In the chronic key rat study (Wahle, 1999) similar effects as to those already discussed were observed. Due to the doses selected, the NOAEL was established at 2.3 and 2.7 mg/kg/day in males and females, respectively (the lowest dose tested), with LOAEL of 25 and 30 mg/kg/day for male and females, respectively. These data would suggest that the true NOAEL for the chronic study may lie closer to 25 mg/kg/day based on both the dose level intervals from the chronic and sub-chronic studies with similar effects reported, which did not progress over an extended period of testing.

 

The two supporting dog studies (Sheets, 2001 [sub-chronic] and Jones, 1999 [chronic]) reported similar effects to the rodent study. The 90-day study reported NOAEL of 6.74 and 6.28 mg/kg/day for males and females, respectively (LOAEL M: 27 and F: 25 mg/kg/day). The 1 year study reported NOAEL of 2.5 and 2.3 mg/kg/day for males and females, respectively (LOAEL M: 8.9 and F: 8.7 mg/kg/day).

 

Repeat dermal toxicity

In the key study (Sheet and Gastner, 1998) no systemic effects or treatment related signs of dermal irritation were observed when animals were exposed to a maximum recommended dose of 1000 mg/kg/day for 21 days. Whilst no dermal absorption data is available, both the acute and sub-acute dermal toxicity data suggest that dermal absorption is minimal with no evidence of local or systemic toxicity compared to the acute oral toxicity study where the NOEL was ~100 mg/kg.
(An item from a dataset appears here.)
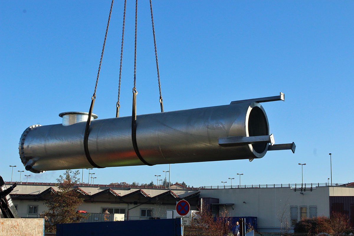 Hier noch waagerecht in der Luft hängend wird dieses Rohr von 1,20 m Durchmesser die Pumpe aufnehmen.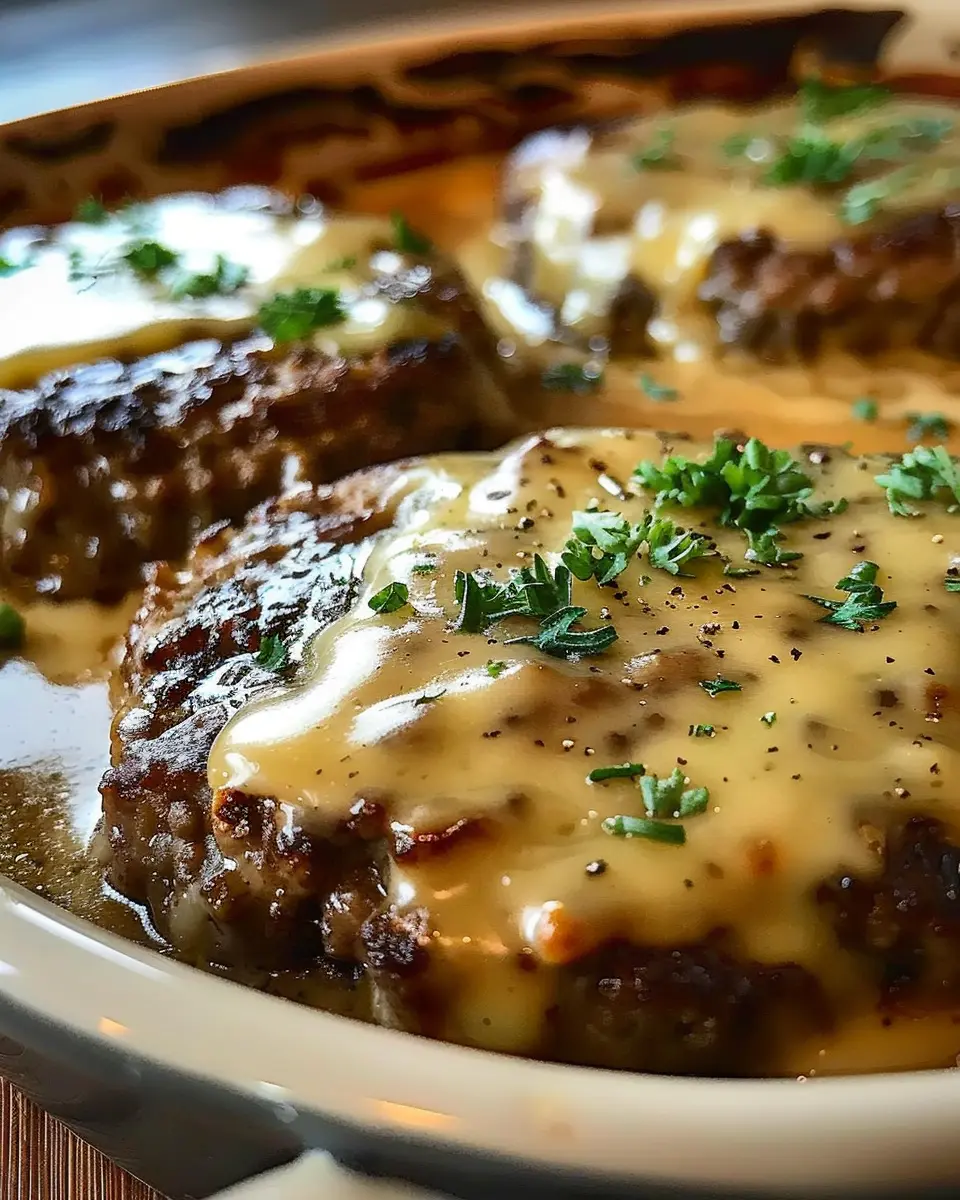 The rich, creamy gravy that accompanies the Amish Hamburger Steak Bake is what elevates this dish to the next level.

Irrespective of the duration of the study the available data suggest that local and systemic toxicity are not likely to markedly increase in severity.

 

Repeat inhalation toxicity

No toxicological studies have been submitted to support this toxicological endpoint. In accordance with the guidance from ECHA (2008) route to route extrapolation will be undertaken, extrapolating from the oral route to the inhalatory route to provide a repeat dose dermal systemic DNEL. Further testing is not justified and therefore a waiver is requested for this endpoint.

Repeated dose toxicity: via oral route - systemic effects (target organ) digestive: liver; glandular: thyroids

Justification for classification or non-classification

Amicarbazone is not genotoxic, and therefore classification is not required.